(Stored entries)
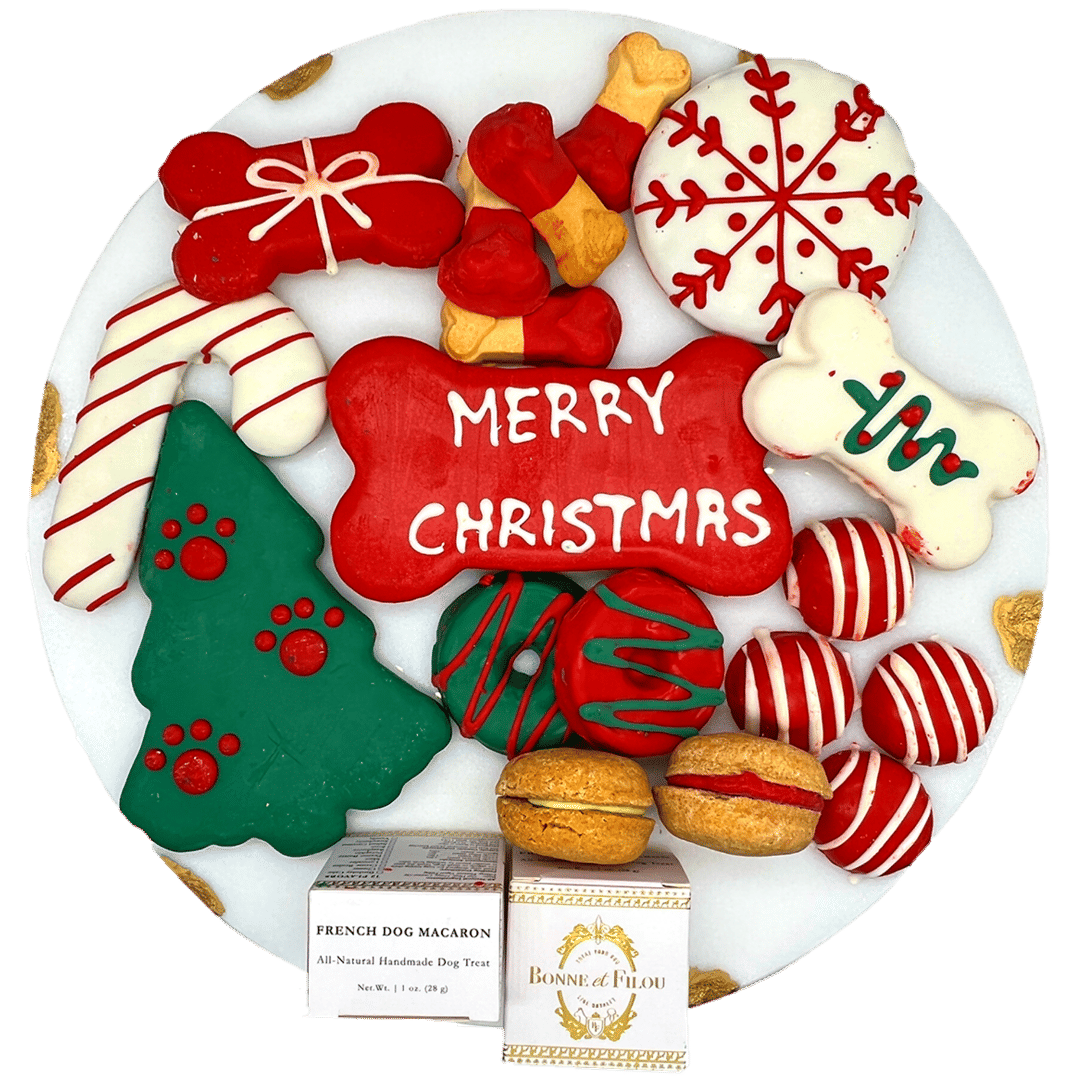 Inspired by the lavish lifestyles of French King Louis XIV’s dogs, Bonne and Filou (who lived in the Palace of Versailles with their own dog chef), we bring you the Bonne et Filou Christmas Box.
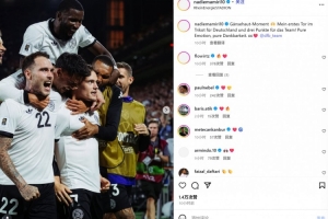 他也在赛后通过社媒晒出全队的庆祝照,并配文:“真是让人鸡皮疙瘩都起来了🙌我身披德国队战袍的首粒进球,为球队赢下了三分!无比激动,无比感恩。”
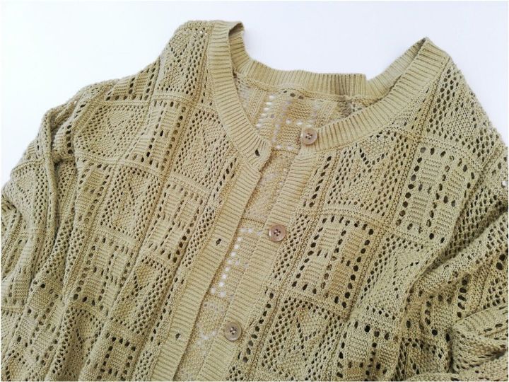 しまむらで見つけた「透かし編み2WAYカーディガン」は、まさに秋まで楽しめそうなアイテム。
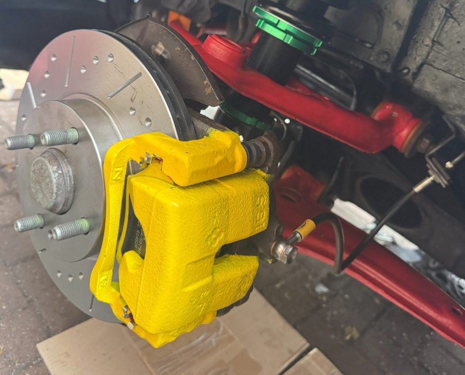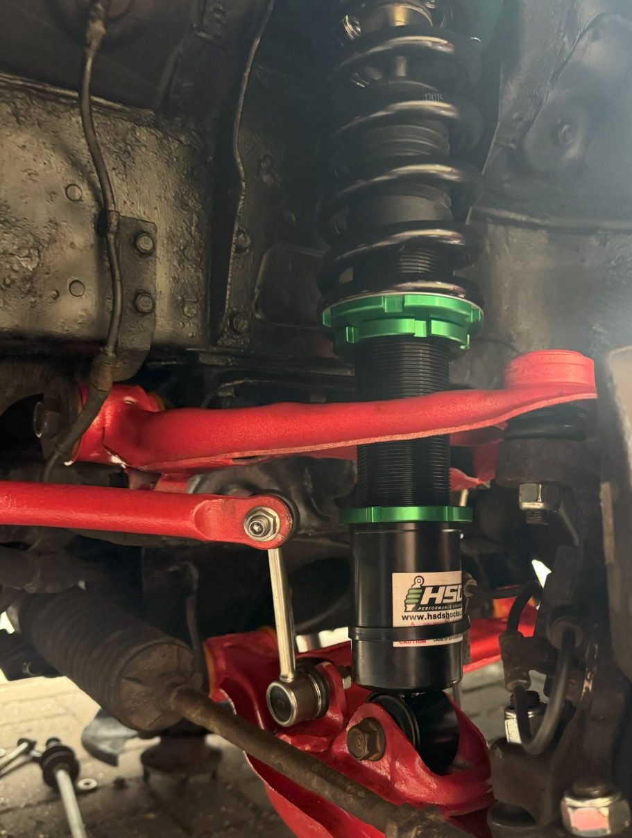 All wishbones removed, bushes extracted, sand blasted & painted, poly bushes fitted.
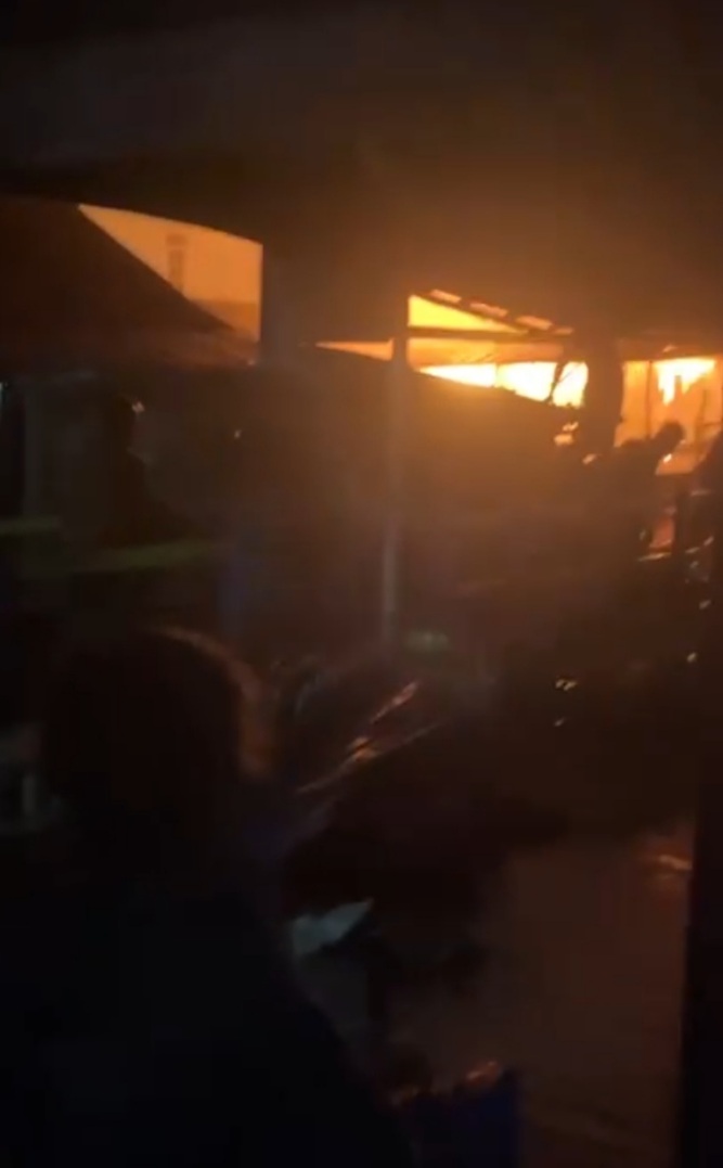 Dalam rekaman video yang beredar di media sosial, kobaran api tampak menyala terang dari sebuah bangunan,
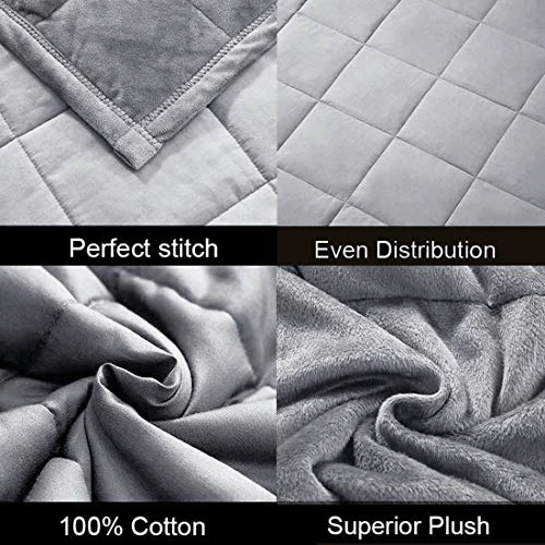 - Cool& Warm 2 in 1 Innovative Design– Designed as double sides for reversible use. One side made of 100% breathable cotton (400TC) which provides a silky touch and coolness, making it the perfect choice for hot and perspire sleepers. The other side uses fuzzy plush material that is soft to the touch. It’s great for the winter time or anywhere where the nights tend to be cool. Now you can use our weighted blankets in all season and say goodbye to those old fashion adult weighted blankets.
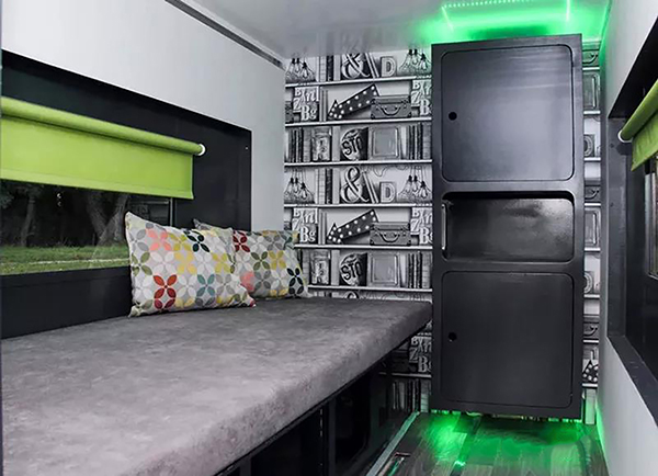 内部主卧拥有一个190 x 144cm的双人床,次卧的床尺寸为190 x 80cm。配置的冷暖空调、23英寸可触屏控制中心,提供照明、冰箱、空调的控制调整和电池及水位的容量显示,也可以用作播放视频。
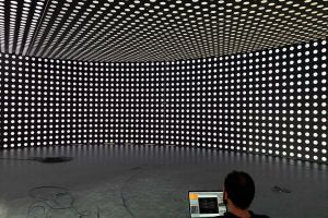 However, these color differences depend on the viewing angle and therefore have to be corrected depending on the current viewer position. In order to determine the necessary color correction for each panel for any given viewer position, a camera-based analysis tool measures the radiation behavior of the panels.
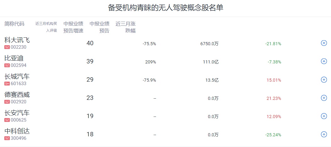 腾讯自选股为您梳理了,近三月以来备受机构青睐的无人驾驶概念股名单,供您参考。其中,科大讯飞最近三个月已经获得40家机构给出了“买入”评级,此外,比亚迪、长城汽车、德赛西威等股亦备受机构青睐。
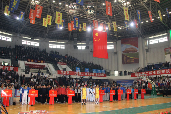 伴随着激昂的运动员进行曲,来自北京、上海、陕西、河南等地区的12支球队以饱满的精神、昂扬的斗志健步入场,受到了全场观众的热烈欢迎,展现了建筑业企业职工奋发向上的精神面貌。
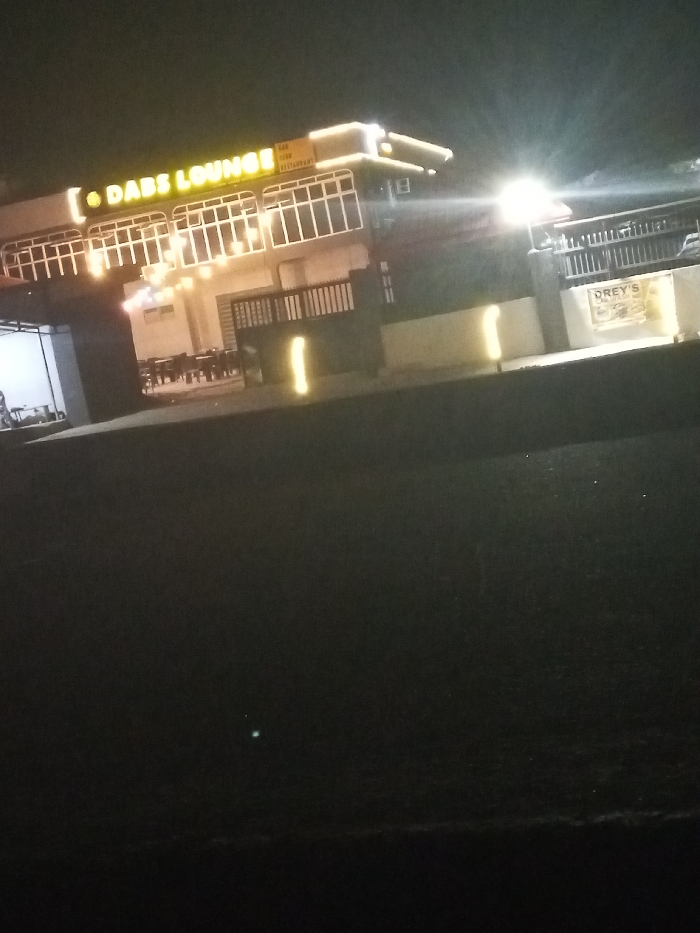 The image depicts a nighttime scene in Lokoja, Nigeria, showcasing two brightly lit commercial establishments. The dominant structure is a two-story building featuring prominent yellow LED strip lighting along its roofline and facade, with additional string lights illuminating its front. A large sign on the upper level clearly reads "DABS LOUNGE" in illuminated yellow letters. Below this, a smaller yellow sign, partially obscured, appears to indicate "BAR CLUB RESTAURANT." On the ground floor, an outdoor seating area with multiple dark tables and chairs is visible. To the far left, an open-sided annex structure is present. To the right of the main building, a dark-railed section, likely a fence or balcony, adjoins a lower, light-colored wall. On this wall, a second brightly illuminated sign is visible, displaying "DREY'S" in large letters with smaller, indistinct text beneath, likely indicating a type of eatery. The foreground consists of a dark, undifferentiated surface, possibly a road or open ground. No individuals are discernible within the frame. Significant lens flare and light streaks are present, originating from the intense artificial light sources.
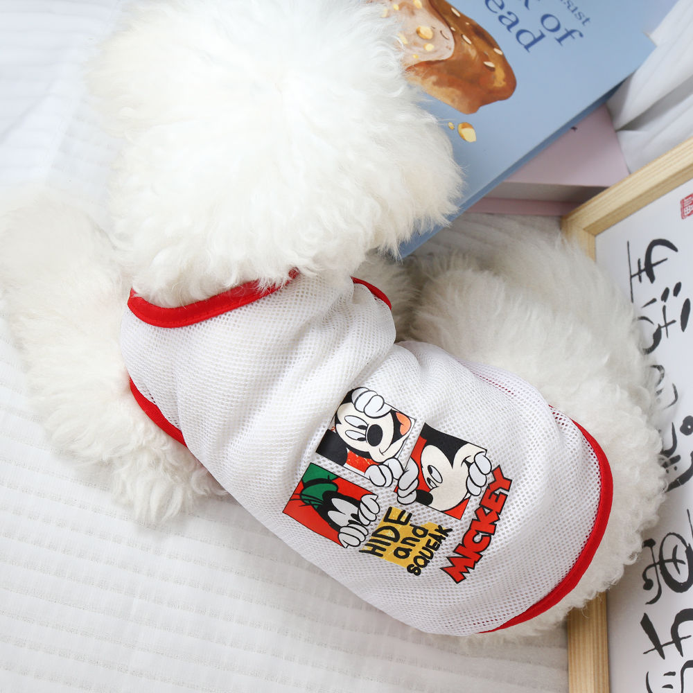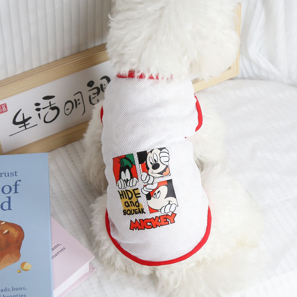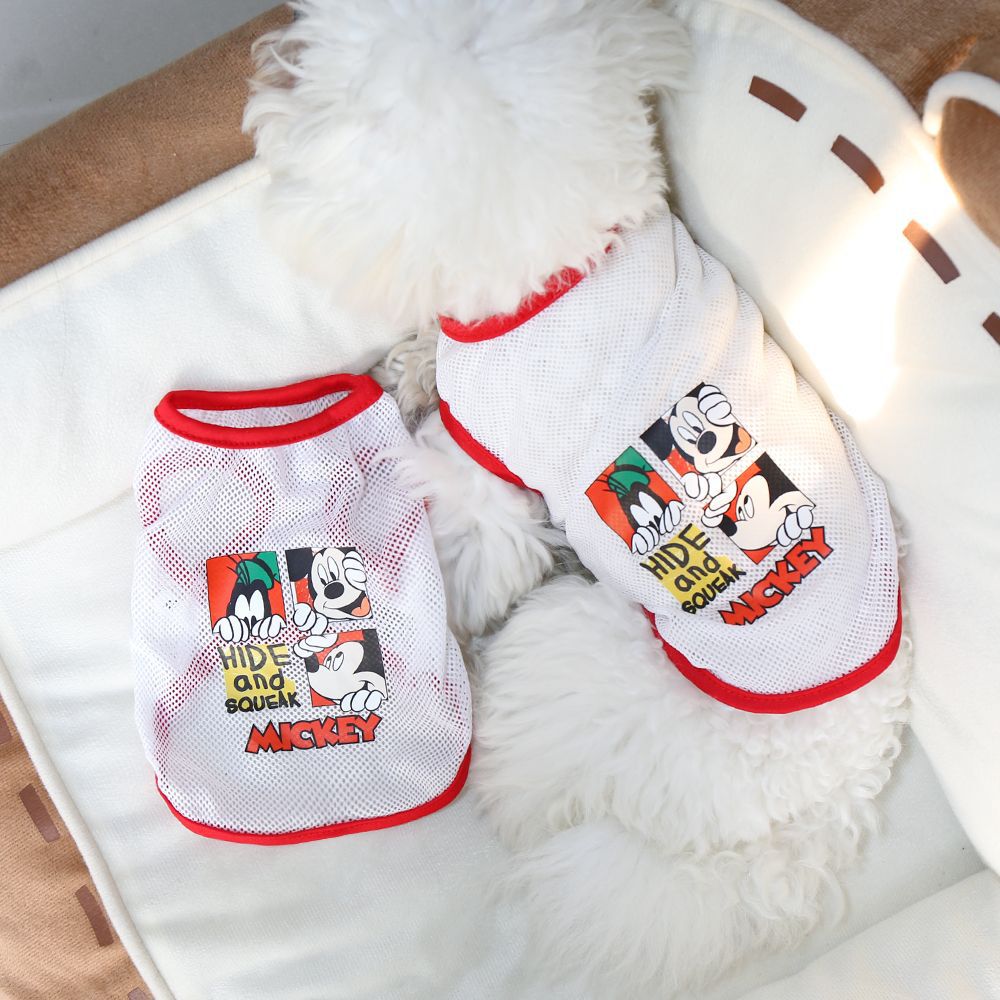 고양이와 개 여름 그리드 통기성 애완 동물 얇은 만화 미키 인쇄 옷 포메리 황금 머리 빅시 큰 개
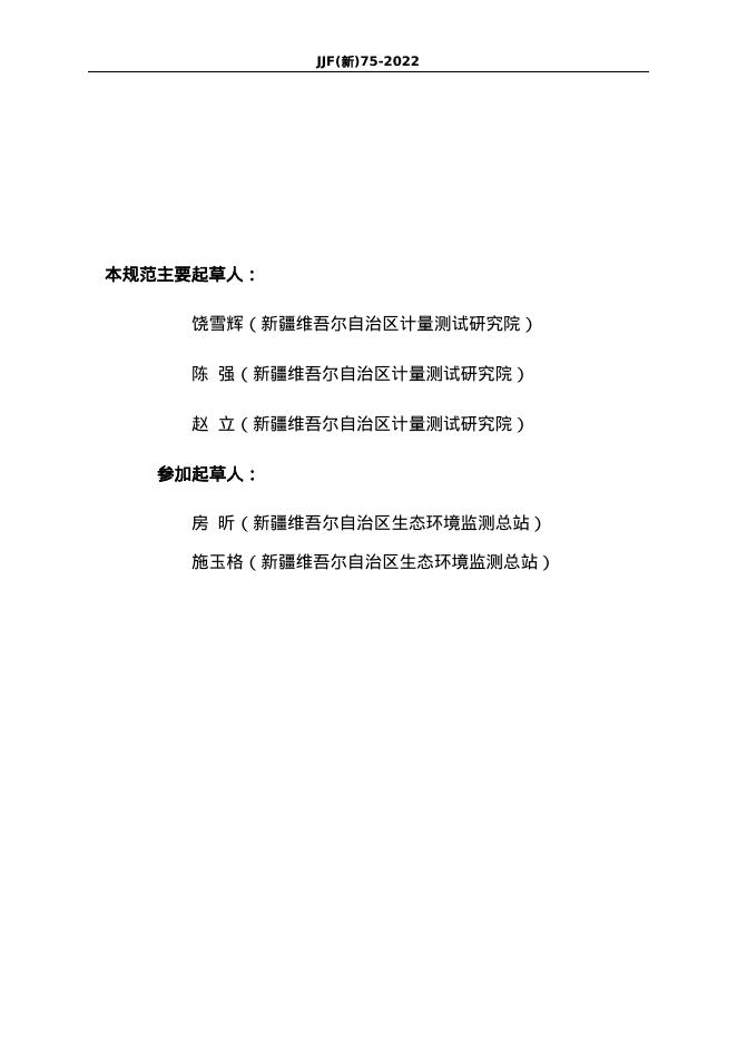 饶雪辉(新疆维吾尔自治区计量测试研究院)、陈强(新疆维吾尔自治区计量测试研究院)、赵立(新疆维吾尔自治区计量测试研究院)、房昕(新疆维吾尔自治区生态环境监测总站)、施玉格(新疆维吾尔自治区生态环境监测总站)

EXERCISE GOAL:
From the line that holds "고양이와 개 여름 그리드" to the last line of the data, return those lines exactly and nothing else; both ends count, and pictures stay out.

TASK RESULT:
 고양이와 개 여름 그리드 통기성 애완 동물 얇은 만화 미키 인쇄 옷 포메리 황금 머리 빅시 큰 개
 饶雪辉(新疆维吾尔自治区计量测试研究院)、陈强(新疆维吾尔自治区计量测试研究院)、赵立(新疆维吾尔自治区计量测试研究院)、房昕(新疆维吾尔自治区生态环境监测总站)、施玉格(新疆维吾尔自治区生态环境监测总站)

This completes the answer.